The Center for Domestic PreparednessFEMA
Former Federal Emergency Management Agency Administrator Craig Fugate, in his final days heading the agency, provided answers to a congressional committee looking into how first responders unknowingly trained with toxic Ricin for years at Anniston's Center for Domestic Preparedness.
Fugate, with a one-page cover letter, provided 12 pages of answers for members of the Committee on Homeland Security. The letter, released today to the media, was dated Jan. 17.
The release constitutes the most comprehensive information about the Ricin mix-up yet disclosed.
In late December, the committee posed 12 questions to Fugate in a letter asking for more details on how the potentially lethal toxin was used and the agency's response once it found out about the mix-up.
The administration disclosed in November that almost 10,000 first responders were exposed to toxic Ricin at the center over a five-year period. An investigation is continuing into the situation, as all training has been suspended with chemical or biological agents.

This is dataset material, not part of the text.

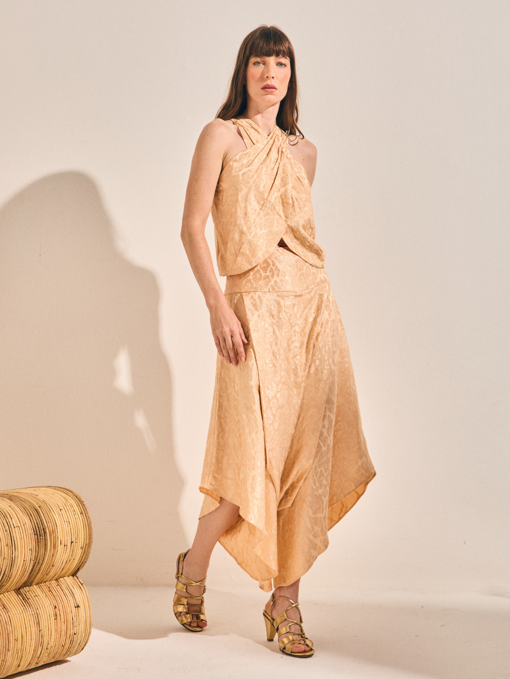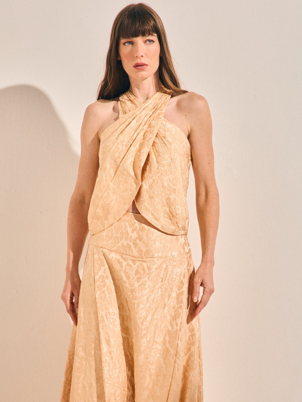 Blusa em tecido brocado com textura e estampa de onça. Com modelagem ajustada, comprimento regular e detalhe transpassado na parte frontal. Possui alças largas e cruzadas.

The CDP trains emergency responders from across the nation in responding to chemical, radiological and biological events through the Department of Homeland Security. The training deals with natural disasters as well as possible acts of terrorism.
According to FEMA, the center began training with Ricin as early as 2011, and 9,648 students used the toxic form unknowingly during that time. No workers or trainees showed apparent effects or sickness over that period, the agency said.
Learning the truth
Fugate's answers state that the Center for Domestic Preparedness first learned the toxic form was being used on Nov. 8, 2016 through email communication between the center's biological lab staff and the Ricin vendor, which FEMA has not officially named.
In the process of placing a new order, the vendor identified the product previously sent to the center as being the toxic form of Ricin instead of the non-toxic form the center thought it had been purchasing. Further communication revealed all previous shipments had been the same toxic form. At no time did the center have more than 100 mgs of Ricin in its possession, the agency stated.
Ricin is an extremely toxic natural poison made from castor beans. It kills cells by preventing them from making proteins needed to survive. Effects from exposure typically show up within a day, according to the Centers for Disease Control. There have been no reported cases, among center workers or trainees, of Ricin poisoning.
According to FEMA's answers, the center superintendent later on Nov. 8, after learning of the mix-up, immediately suspended all use of biological materials, and began notifying senior FEMA administrators.
By Nov. 10, center officials began notifying current staff members and beginning the process of notifying former staffers. It also informed Sens. Richard Shelby and Jeff Sessions, along with Rep. Mike Rogers, on Nov. 15.
A review of employees did find two who "indicated they had seen a doctor in the past five years for respiratory health issues." They were instructed to meet with their attending physician to share any concerns.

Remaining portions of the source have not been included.